Agreement with RIOC and New Hiring

Is the Roosevelt Island Ferry Ready to Roll?

Updated 1 year ago David Stone
Brooklyn Navy Yard, Homeport for Citywide Ferry Services
Brooklyn Navy Yard, Homeport for Citywide Ferry Services
Photo courtesy of the New York City Mayor's Office

Citywide Ferry Service announced openings for 200 jobs as it gears up for launching expanded services, including to Roosevelt Island, this summer. It was time to check in with RIOC about the agreement Susan Rosenthal, President and CEO, said was near completion at the October board meeting.

"Yes, the MOU was executed," replied RIOC's lead legal counsel Jaci Flug.

An MOU is a "memorandum of understanding," a kind of gentlemen's agreement that, for various reasons, falls short of a binding contract. MOUs can keep a process requiring multiple party agreements moving ahead, agreeing on mutually acceptable points, until a fully enforceable contract can be put in place.

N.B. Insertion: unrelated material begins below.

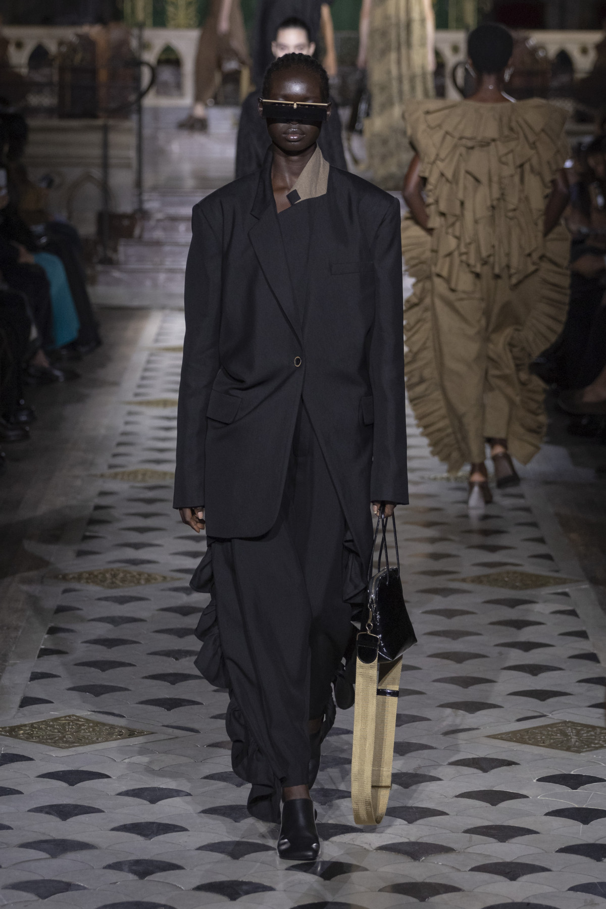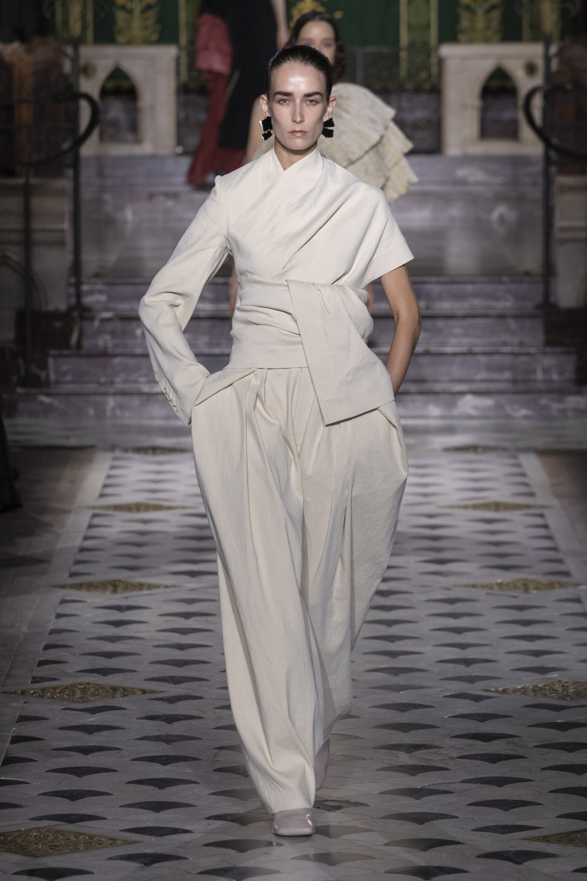 Uma Wang асоціюється з авангардизмом та мінімалізмом. У її монохромних образах простежується збереження пропорцій жіночого тіла, а про спину Uma Wang говорять, як про витвір мистецтва. Драпірування та мікс фактур створюють потрібні об’єми. У мене від жодного показу не було таких мурашок: Американський собор, приглушене світло, неймовірний одяг та ідеальна музика, яка довершувала ансамбль.

Vice President of Operations Shelton J. Haynes answered an earlier inquiry, "As an update, RIOC entered into an MOU with the city for this project. After speaking with our contact from the New York City Economic Development Corporation (NYCEDC), we were informed that the ferry is on schedule to open this summer," in other words, on time.

Mayor Bill de Blasio's ambitious Citywide Ferry Service designs will bring long awaited services to Roosevelt Island. An extension of the existing East River Ferry system adds a new route that begins in Astoria, floats south to a soon to be built landing behind the old Goldwater Hospital steam plant, then moves on to a second new landing near the historic gantries in Long Island City before crossing to Manhattan at 34th Street.

The trip from Roosevelt Island to LIC will take seven minutes, including docking times, and the ride from there to Midtown, another six minutes. 34th Street is a major hub for the system and connections from there will take you south to lower Manhattan and Brooklyn.

At the onset, Citywide Ferry Service will cost the same as a single subway ride, $2.75, although transfers and Metrocards will not be honored. The system is expected to cost the city millions in subsidies for operations along with its initial cost for construction and equipment.

Although expanded waterway travel is discussed as part of an effort to relieve currently overstressed mass transit systems, relief for Roosevelt Island subway and Tram riders is expected to be insignificant. Ferries will dock here about once every half-hour and can carry only 150 passengers, at any one time, from and to all destinations.

But for some, the convenience will be considerable as it speeds commuting time to Midtown and Wall Street and offers ready access at all hours to otherwise less easily accessed areas like Gantry Park, just across the East River in Long Island City, previously accessible only by car.

One thing some local residents will need to begin getting used to is that, despite previous denials, the name for the Roosevelt Island docking station is evolving. In yesterday's press release from the mayor's office, it was "Roosevelt Island (Cornell Tech)." The designation is reasonable and more accurate, but there will be complaints, especially from those fearing that the campus will so overshadow the community as to make it invisible.